There are four motor symptoms that are considered cardinal in Parkinson’s Disease: Bradykinesia, rigidity, abnormal posture or instability and tremor.
Bradykinesia (slowness of movement) is the most common motor symptom and can be found in every case of PD. The patients may find difficulty or are not able to perform daily routine tasks like bathing, dressing and feeding.
Rigidity is the stiffness and resistance to the limb movement due to excessive contraction of muscles. As the disease progresses rigidity affects the whole body and reduces the ability to move. In the early stages the neck and the shoulder muscles are most affected.
Postural instability is often absent in the earlier stages and can be found in the later stages of PD. The patient might have problems balancing themselves and experience falls. The number of falls suggest the severity of PD.
Tremor or shaking usually begins in limbs, hands or fingers. It starts from one side of the body and as the disease progresses it eventually affects both sides. Pill-rolling tremor is the tendency to rub thumb and index finger back and forth performing a circular movement. 80% of the dopaminergic neurons are lost before the clinical motor features of PD can be observed. Bradykinesia and an additional symptom i.e. muscle rigidity, tremor or abnormal posture must be present for the diagnosis of PD (Sveinbjornsdottir, S. 2016).  
Parkinson’s disease has no standard treatment or medications that can halt or stop the progression of the disease. The treatment of PD is based on the symptoms of the patients. Available therapies and medications can only treat the symptoms of the disease. The treatments include dopaminergic medication, non-dopaminergic medications and surgical treatment. Other non pharmacological treatments like lifestyle modification, yoga, education support groups,  taking more rest and exercise can also be beneficial.
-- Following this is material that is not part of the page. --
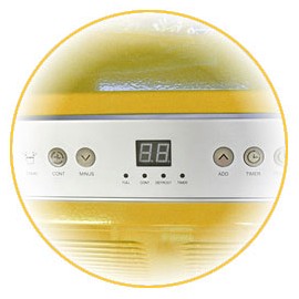 Професионален изсушител, предназначен за ежедневна употреба, специално разработен за нуждите на строителството и довършителните дейности. С капацитет от 50 л./ден мобилният влагоуловител е идеален за сушене на помещения след шпакловка, полагане на мазилка и боядисване и други материали, нанасяни чрез мокри процеси. Контролът на влажността е от съществено значение за полагането на паркети. С помощта на мощния мобилен влагоабсорбатор можете да постигнете в контролирана обстановка, необходимите ви идеални условия. Предназначен за ежедневна употреба и снабден с вграден хигростат, влагоуловителят се справя отлично с абсорбирането на влагата от складови помещения, архиви, фитнес зали. Принципът на работа на влагоуловителя (наричан още изсушител, влагоабсорбатор) се изразява в отнемането на излишната влага чрез кондензирането и вътре в машината, чрез охладителни елементи. Контактът на въздуха с охладителните елементи води до кондензация на влага. Отделеният при процеса конденз се събира във вграденият резервоар, а изсушеният въздух преминава през кондензатор и се загрява до температура, малко по-висока от тази на околната среда (въздуха в помещението). Изцяло металният корпус на влагоуловителя е с практични колела и ръкохватка за лесно транспортиране и препозициониране на машина. С тегло от само 36 кг., благодарение на колелата и ръкохватката, професионалният валгоуловител може лесно да бъде преместен, дори ако трябва да се преодолеят стъпала и неравности. Вграденият, в долната част на корпуса, резервоар за вода е с обем от 5,5 литра и е снабден с поплавък, който при запълване на съда с вода, изключва влагоуловителя и задейства светлинна сигнализация на контролното табло. При необходимост от продължителна или денонощна работа на влагоабсорабатора, или работа при много висока влажност, към съда за вода може да бъде свързан маркуч за отвеждане на водата в канал или извън помещението. Това позволява непрекъсната работа на мобилния влагоуловител, без необходимост от изключване за обслужване. В горната част е разположен практичен и опростен пулт за микропроцесорно управление на режимите на работа на изсушителя. Бутонът за включване се намира в десния край на контролния панел. При натискане на бутона, изсушителят се включва в режим на непрекъсната работа. Стойността на влажността, зададена в този режим на работа на влагоуловителят е 50%. До него е разположен бутонът за настройка на таймера. Той изпълнява няколко функции - когато влагоуловителят е в режим на готовност (не е включен в работен режим) чрез него може да бъде зададено времето след което да се включи - функция „отложен старт“. В работен режим, чрез този бутон, можете да зададете времето, след което влагоуловителят да се изключи - функция „отложен стоп“. В ляво е разположен индикатор за запълване на вградения 5,5 литров контейнер за вода. До него е бутонът за активиране на продължителен режим на изсушаване. Важно е да се знае, че този режим на работа е полуавтоматичен, можете да задавате продължителност (време) за работа, но не можете да зададете стойност на изключване на изсушителя при достигане на определена стойност на влажността.
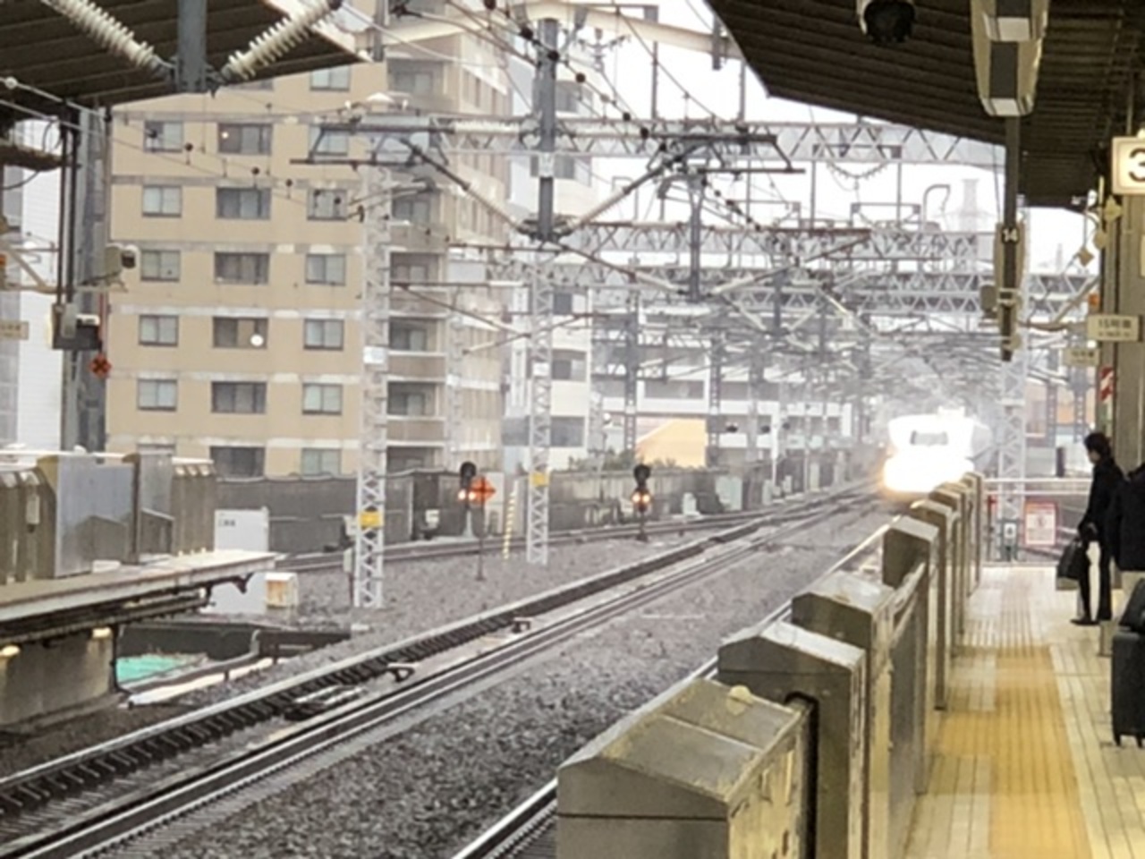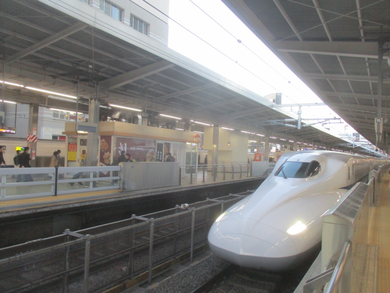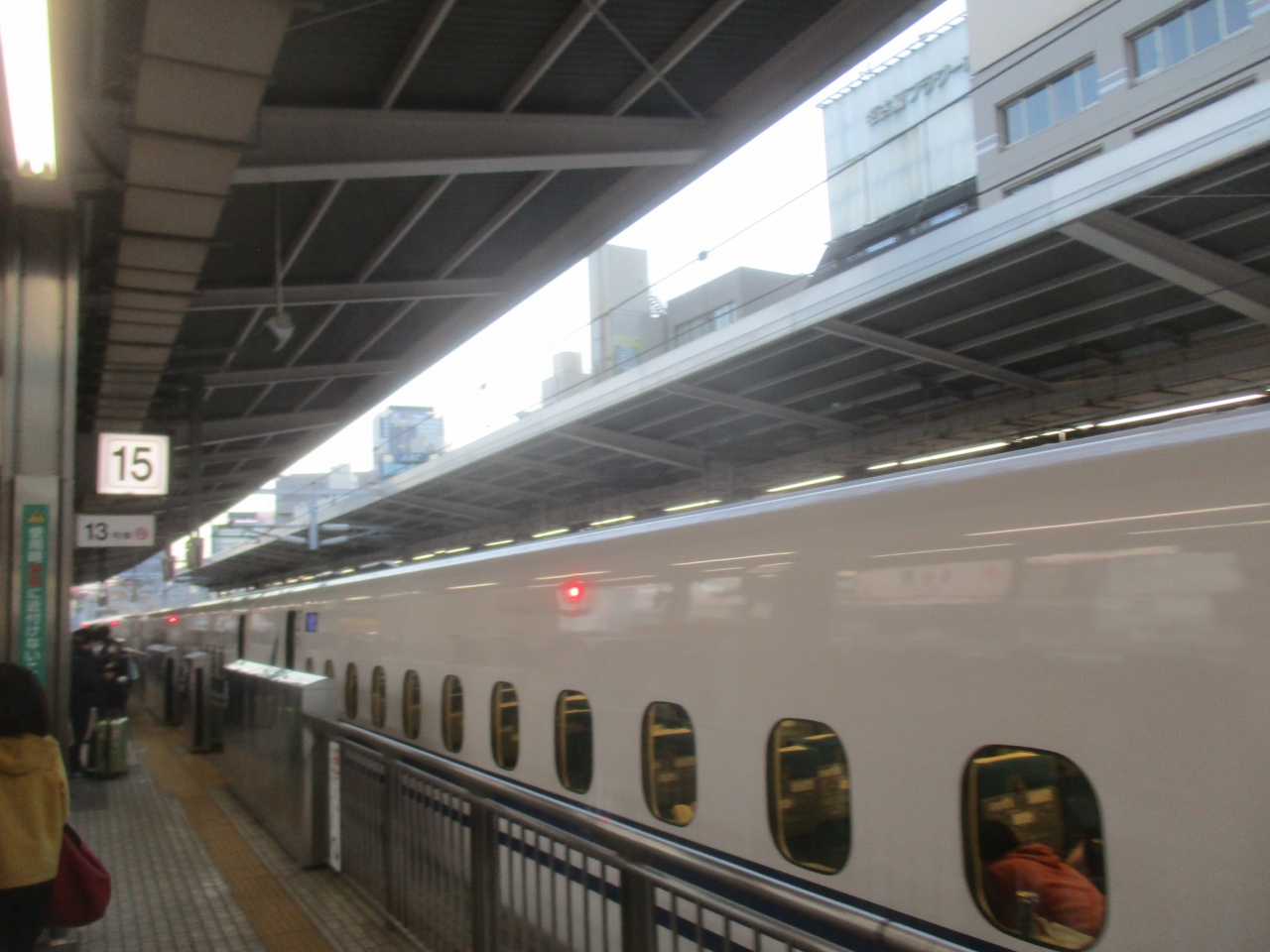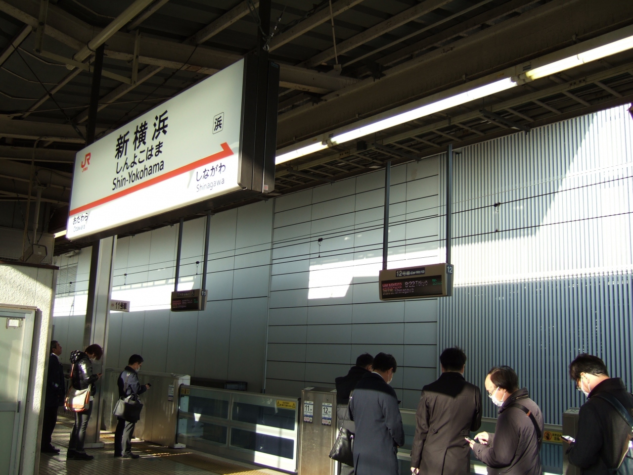朝8時過ぎの新横浜駅上りホームは混んでいました

Dopaminergic Therapy: The American Academy of Neurology (AAN) suggests to initiate any one of the following available drug therapies when the patient develops functional disability. The medical therapies for the treatment of motor symptoms include levodopa/carbidopa which is highly effective in  bradykinesia and rigidity and monamone MAO B inhibitors are moderately effective on the motor symptoms. There are other medications available which have near or no effect on the symptoms (Goyal & Radhakrishnan, 2018).
Non-dopaminergic pharmacological targets: Motor and nonmotor symptoms respond less to dopaminergic therapies due to abnormalities in the other non-dopaminergic neurotransmitters. Motor symptoms like feeling of gait, postural instability, swallowing and speech disturbances require non dopaminergic treatment. To treat the orthostatic hypotension the use of mineralocorticoid, fludrocortisone and adrenergic agents (midodrine and etilefrine); anti-muscarinics (oxybutynin, tolterodine or trospium chloride) to treat urinary disorders and pro-kinetic drugs to improve constipation was directed by the pharmacological therapy (Goyal & Radhakrishnan, 2018).
Surgical treatment: Deep brain stimulation (DBS) either on the subthalamic nucleus is the well known treatment for the motor symptoms of Parkinson’s disease. DBS is also effective in some non-motor symptoms like sleep disorders and behavioral disorders.
Findings of the multicultural randomized control trial, the EARLYSTIM trial, showed that DBS of the subthalamic nuleus in the early course of the disease is the best available medical therapy and could improve quality of life of the patients (Kalia & Lang, 2015).
Parkinson’s Disease is the most common and progressive neurodegenerative disease characterized by both motor and nonmotor symptoms which dramatically impairs the quality of life. It is important to be aware while understanding the proper management and treatment to reduce the symptoms of the disease as it can be caused due to both genetics and environmental factors. There is no such treatment to control Parkinson’s but the best effective treatment to control the symptoms are levodopa or dopaminergic medications and deep brain stimulation.